Whatever the verdict, it is not an election that will herald change, say activists who bemoan the apathy in both Dravidian parties towards the well-being of the people. “It was a people’s movement that was appropriated by political outfits,” says M Krishnamoorthy, an Unorganised Workers’ Federation leader. “The Sterlite protest was not about a town or a constituency. It is symbolic of the corruption built into the political system. The people of Thoothukudi will not forget. There are tens of thousands of salt workers and casual labourers waiting for work, will anything change for them?” Among Soundararajan’s brace of promises is a job for every household, a plank she hopes will be a game-changer..

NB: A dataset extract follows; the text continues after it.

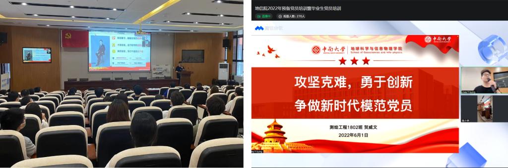 为进一步加强预备党员及毕业生党员党性教育,培养优秀党员,为党组织注入新鲜血液,增强党员的自豪感和责任感,yl234112022年上半年预备党员暨毕业生党员培训于6月1日下午14:00在地科楼127开展,同时以腾讯会议直播形式为毕业生党员线上进行。地信公司党委副书记李建军,地信公司党委委员、专职组织员彭光雄,公司分党校积极分子培训班班导师杨晨雨及部分老党员代表出席会议,2022上半年新发展的预备党员参加此次会议。本次会议由公司分党校发展对象培训班班导师杨通田主持。

Kanimozhi, on her part, sets out today to woo the cosseted Brahmin community of Alwarthirunagari. “When we talk about secularism they immediately say we are against Hindus. That’s the only narrative they have. They have nothing to say about what they can do for the people. What have they done for Hindus? The DMK has stood for social justice. Reservations cover depressed classes in the Hindu community. We have fought for the right to temple entry of all Hindus. Periyar fought for it, not the RSS,” she tells me. The convoy hugs the Thamirabarani river and the landscape shifts as we cross Athinathapuram, winding through dreamy fields of paddy and banana. But here too, there is opportunity. Kanimozhi stops to address a small flock at an unlikely place: a bund in the middle of nowhere. “This dried-up pond is called Tenkarai,” she says. “There are hundreds of such water bodies that I want to desilt and revive. It is time to clean up and rebuild.”